Every line of the material below that contains the string "into" must appear in the answer.
*** Opening of EXERCISE MATERIAL ***
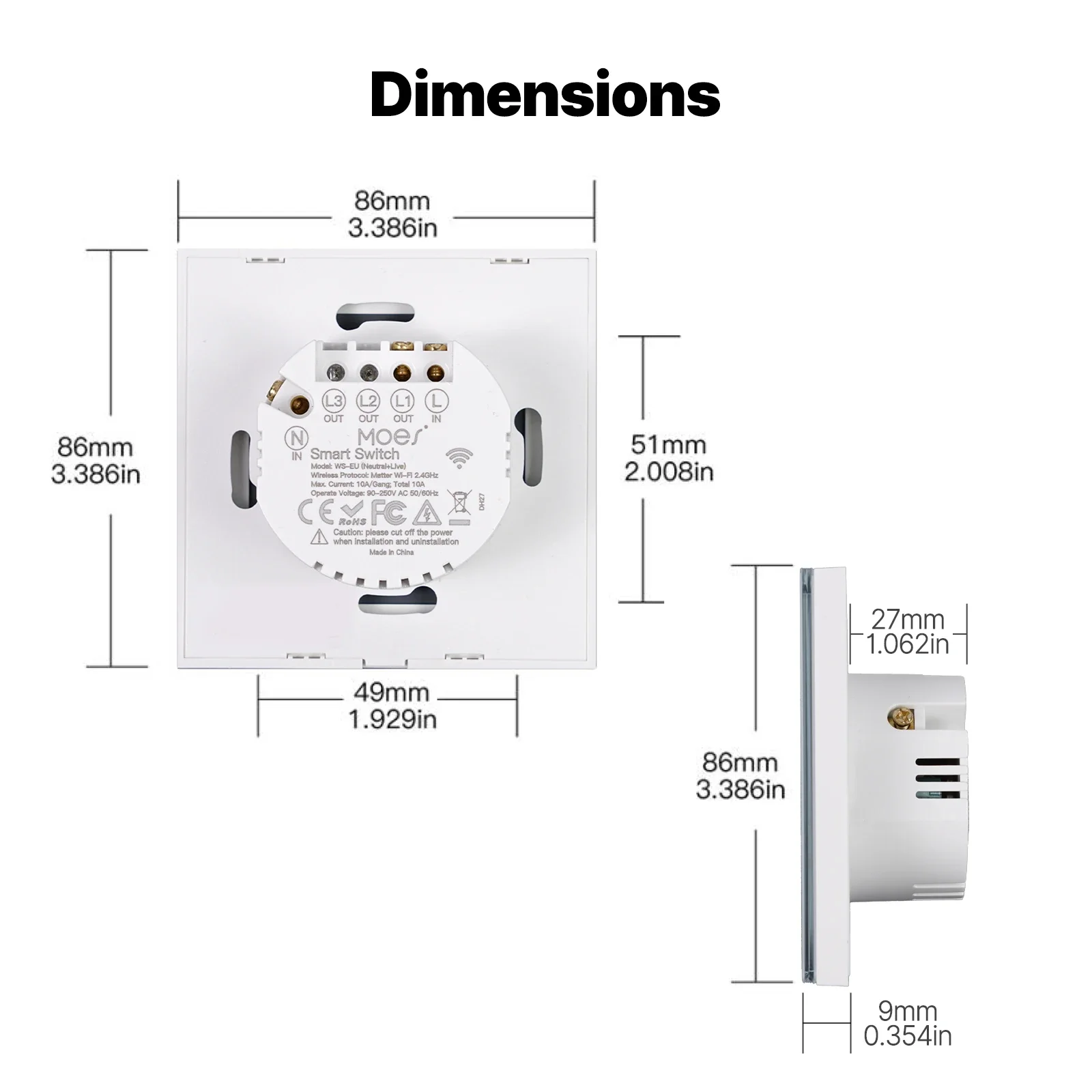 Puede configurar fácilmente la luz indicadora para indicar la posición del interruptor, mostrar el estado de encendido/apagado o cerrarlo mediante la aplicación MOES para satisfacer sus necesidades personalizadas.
*** Close of EXERCISE MATERIAL ***
*** Opening of EXERCISE MATERIAL ***
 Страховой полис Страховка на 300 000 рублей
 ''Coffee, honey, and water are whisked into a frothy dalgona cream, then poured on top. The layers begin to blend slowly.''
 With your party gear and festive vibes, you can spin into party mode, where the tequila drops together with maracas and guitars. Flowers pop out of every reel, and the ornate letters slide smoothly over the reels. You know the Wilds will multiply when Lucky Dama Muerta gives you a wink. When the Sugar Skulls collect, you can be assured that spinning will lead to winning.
*** Close of EXERCISE MATERIAL ***
## [THE ANSWER]
 ''Coffee, honey, and water are whisked into a frothy dalgona cream, then poured on top. The layers begin to blend slowly.''
 With your party gear and festive vibes, you can spin into party mode, where the tequila drops together with maracas and guitars. Flowers pop out of every reel, and the ornate letters slide smoothly over the reels. You know the Wilds will multiply when Lucky Dama Muerta gives you a wink. When the Sugar Skulls collect, you can be assured that spinning will lead to winning.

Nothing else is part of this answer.